Father H said:
As you know, for the Hebrews, the rule was better late than early. The ancient Hebrews would delay by one month where doubt was involved.
Are you referring to the Mishnaic calendar? The Tosefta says nothing about "doubt" that I can find though it says that the year may be intercalated for practical reasons. Maybe this is what you mean by "doubt"?
In any case, there is no evidence, other than the wishful thinking of the Mishnah itself, to suppose that the scheme of the Mishnah/Tosefta was used in Herodian times or earlier. It is known with certainty that the Jews of Elephantine, in Egypt, were using a local adaptation of the Babylonian calendar in the Persian period. A form of the Babylonian calendar seems to be presupposed by the First Book of Maccabees. How do you know that the temple priests of all postexilic periods never once used the Babylonian calendar, which by Seleucid times was intercalated according to a fixed cycle, rather than on any empirical basis? All "doubts" had been resolved by the fixed intercalation scheme, as they were in the much later mathematical Rabbinic calendar.
Father H said:
Orthodox NEVER have it early by Hebrew standards. Your admission of 2019 just proves the point.
You have not previously made any statements about the Julian paschalion. If you want to discuss it, please clarify your position. What is "it"? What "point" does the Gregorian lunar calendar for 2019 prove?
Your previous statement was:
Father H said:
14 Aviv/Nisan was never a full moon by our modern definition. This is because the new moon (1 Aviv/Nisan) was not, in ancient times, the dark moon, but rather what we call the "young crescent."

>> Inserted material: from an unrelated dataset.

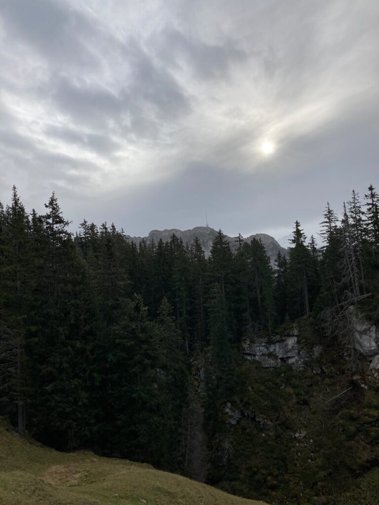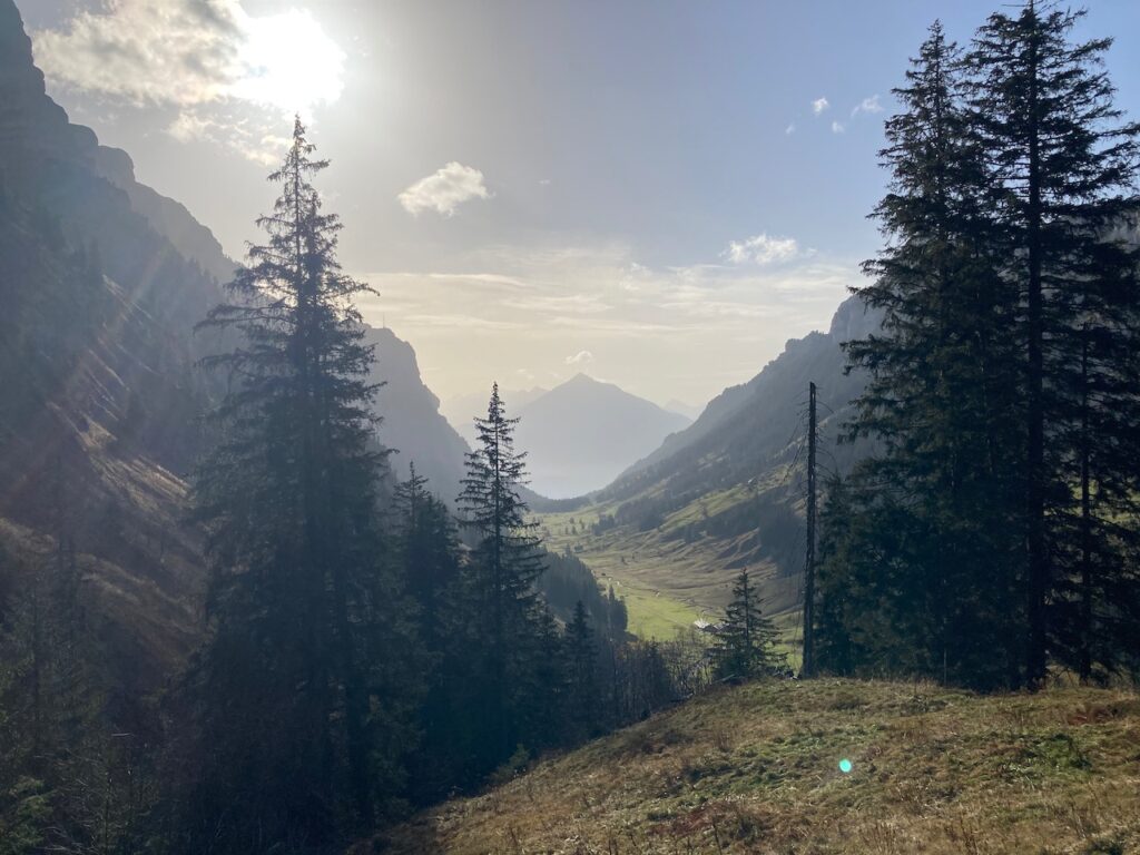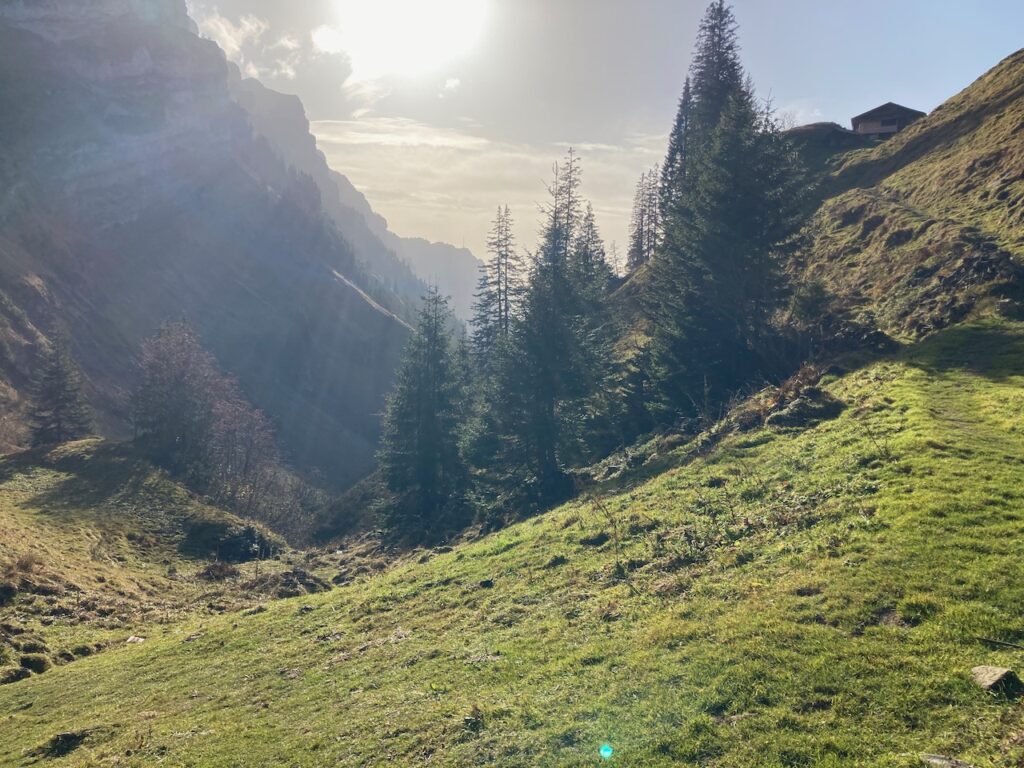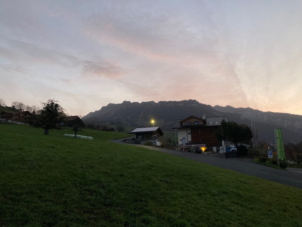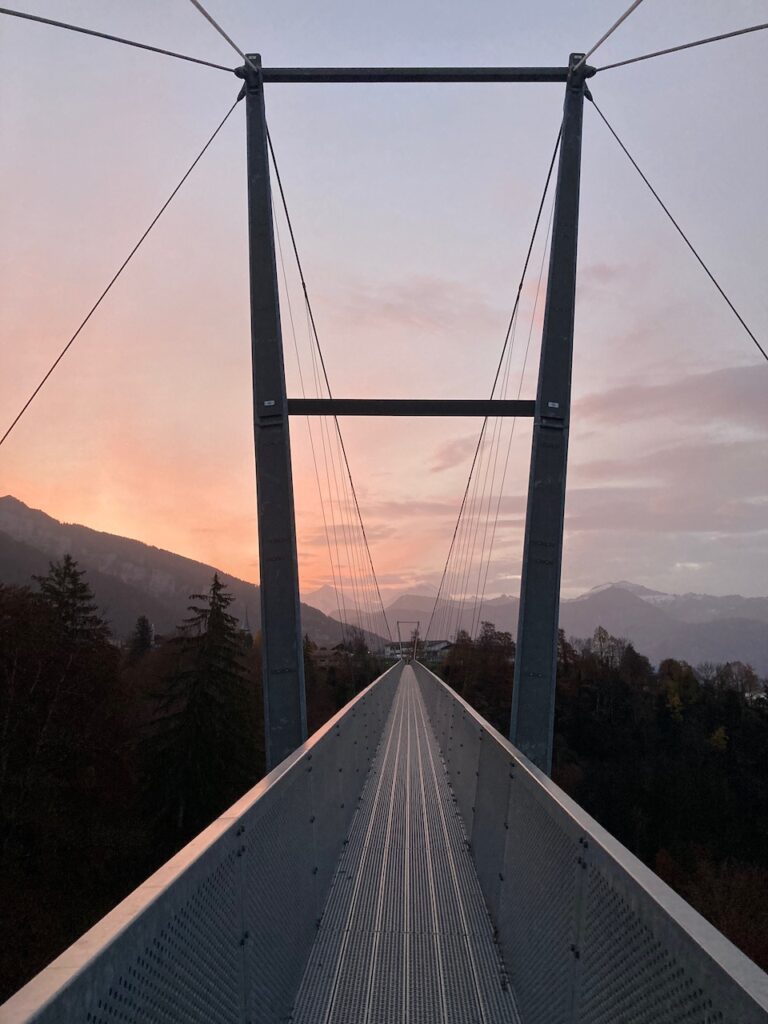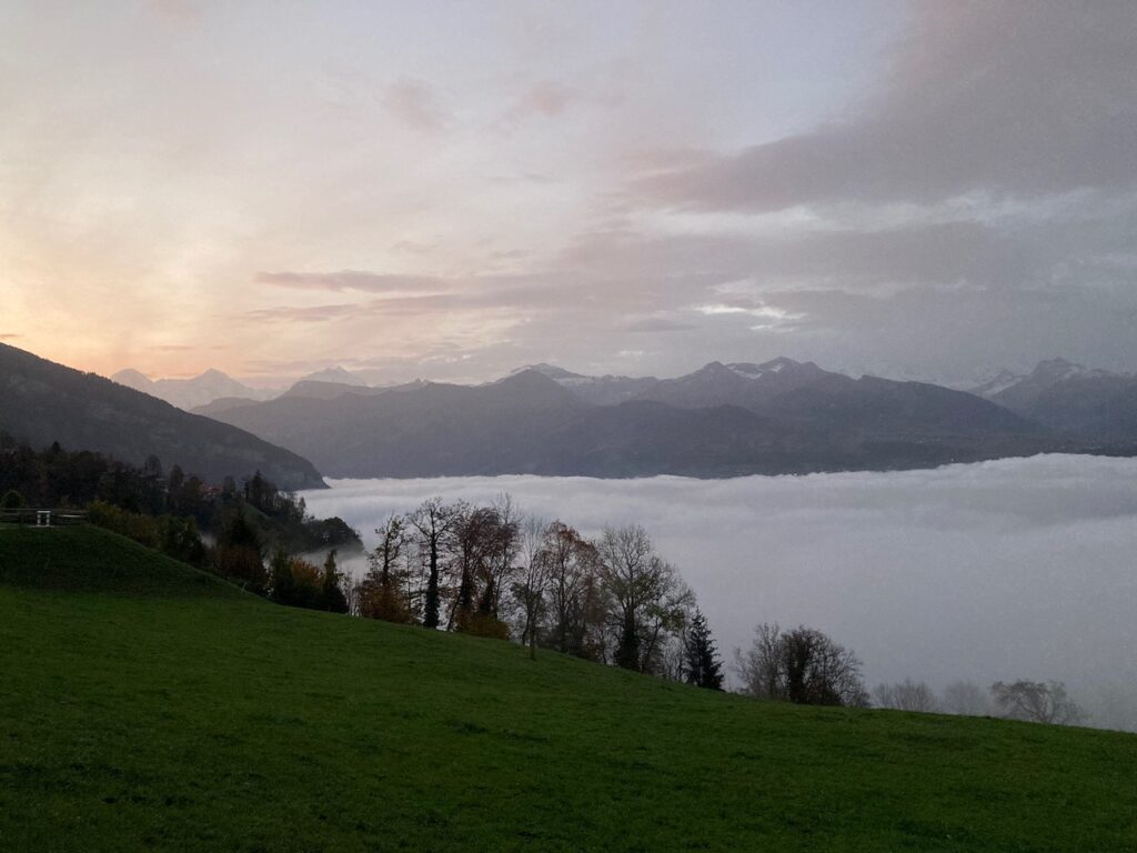 Die Wetterfrösche meinten fürs Wochenende unten grau, oben blau, deshalb habe ich meine Siebensachen gepackt und bin bereits kurz vor 7 Uhr ab Aeschlen Dorf losgelaufen, mit Tagesziel Habkern. Warum ich nicht in Schwanden Säge gestartet bin, ist ganz einfach: Ich habe vor kurzem einen Bericht über die Gunten-Hängebrücke gelesen, und da habe ich mir gesagt «Schafsloch und Bärenpfad mache ich ein andermal…». Glücklicherweise endet kurz vor Aeschlen der dicke Nebel, und so begrüsst mich der Tag mit einem rosaroten Leuchten…

Note the word "never". This makes your statement an extreme statement. Your are stating that no lunar calendar which had a month called "Nisan" ever had the true full moon on the 14th of Nisan, at any longitude from Susa in Persia to Cape Clear, Ireland, throughout the entire history of such calendars up to the end of "ancient" times. You should present evidence, not just assertions, for this extreme claim.
Even if your words are not interpreted so strictly, they still don't hold up. You state that the 14th of Nisan was "never" in ancient times a full moon,
because in those days the lunar month began with the new crescent. This statement is (as I have shown) internally inconsistent. It is precisely when a lunar month begins near the new waxing crescent that the full moon comes near the 14th day. It is when the day of the conjunction is counted as the first day of the lunar month that the full moon will tend to come later than the 14th day.
Was this what you were actually trying to say, even though you ended up saying the opposite? You seemed to base your assertions on the linguistic fact that the phrase "new moon" nowadays often means "conjunction". This is true, but this fact has no implications for the mathematics of any lunar calendar, past or present. Each calendar's arithmetic must be examined to determine how its "new moon" relates to the conjunction, regardless of what "new moon" may mean in other contexts.